When I would tell people that I was turning 29, almost everyone said, "Utoh, one more year until you're 30!" Of course I responded with a "Ohhhh don't remind me!" but I was really thinking "What's wrong with 29??" I really try not to be one of those people who is obsessed with how "old" they are and just enjoy life. I can honestly say that my life is infinitely better than it was when I was 19. It is funny how a decade can really change a person.
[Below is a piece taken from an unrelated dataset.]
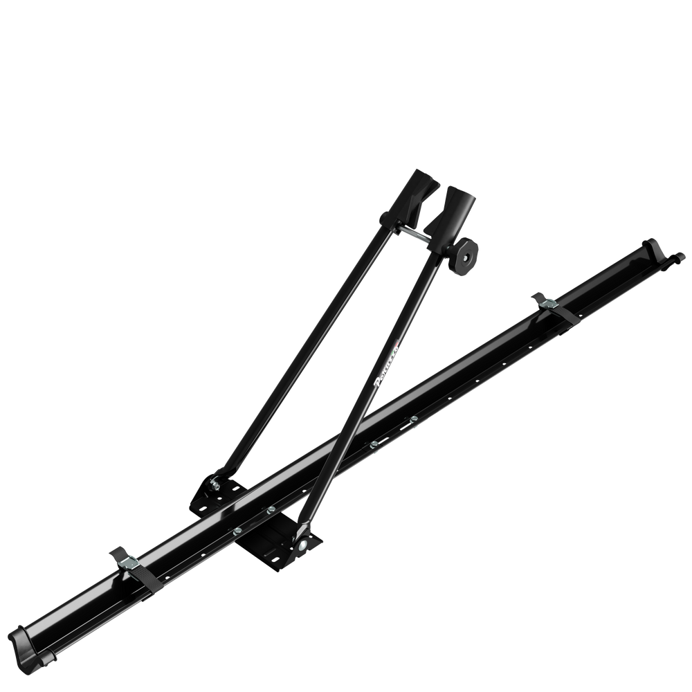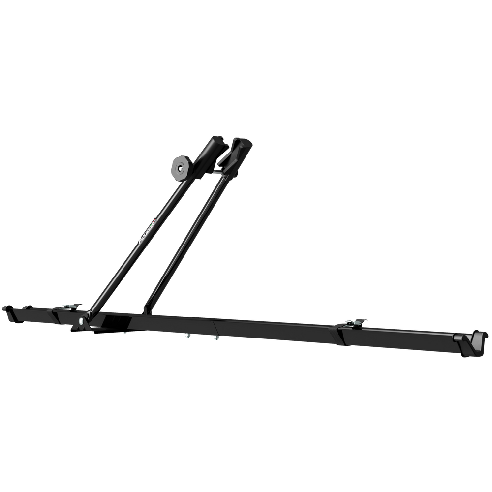 Tento nosič zajišťuje kolo ve třech bodech – na rámu a na kolech. Nosič je vybaven praktickým zamykacím mechanismem, který umožňuje zablokování rámu jedním pohybem. Hluboká drážka usnadňuje montáž, díky čemuž je kolo stabilnější během montáže i jízdy. Pevná ocelová konstrukce zajišťuje stabilitu a bezpečnost . Sada obsahuje popruhy pro zajištění kol kola.

On September 24, 2000, I was a sophomore at SUNY Oneonta. I was studying English and had just discovered my love for Communications Studies. I would later declare that as my second major. Anyone who knows me wouldn't be surprised that a large part of my happiness comes from interacting with others, and the thought of a career where that would be the norm seemed so appealing. I was also deeply involved with my sorority. Sometimes I still question why I joined one. In hindsight, I know I was looking for a place to belong. It was an emotional survival technique that I felt would help me.  My college years were a time of intense emotional turmoil as I struggled with my infertility diagnosis, and all the fallout that would come with it. I needed to be a star. I needed to not just be good, but to be the best. I needed to be someone people sought out, and the sorority did that for me. I was (and in some ways still am) afraid to be alone. I needed to drown myself in others so that I could ignore the underlying feelings of emptiness. To add to this, I began one of the most dysfunctional relationships of my life in 2000. It would hurt me for the next 3 years, and I would beat myself up over that for a few more years after it ended.  Was I happy in 2000? I think I looked happy. I tried to act happy. In all honesty, I always felt like I was I acting. The answer to the question is NO, I was not happy. I remember so vividly thinking that I did not deserve to BE HAPPY.

Am I happy in 2010? Yes. I know I am happy because my life is real. I feel content in my heart with who I am and with the relationships I have. My husband has changed my life is inmeasurable ways. I feel lucky everyday to have someone who cares about me so deeply and who has created such a beautiful life with me. Some days, I actually pinch myself because it is hard to believe that this is my REAL life. I know I have written posts before about how grateful I am for the life I have, but I cannot say it enough. From a girl who thought happiness was not in the cards for her, I am deliriously happy that I was wrong.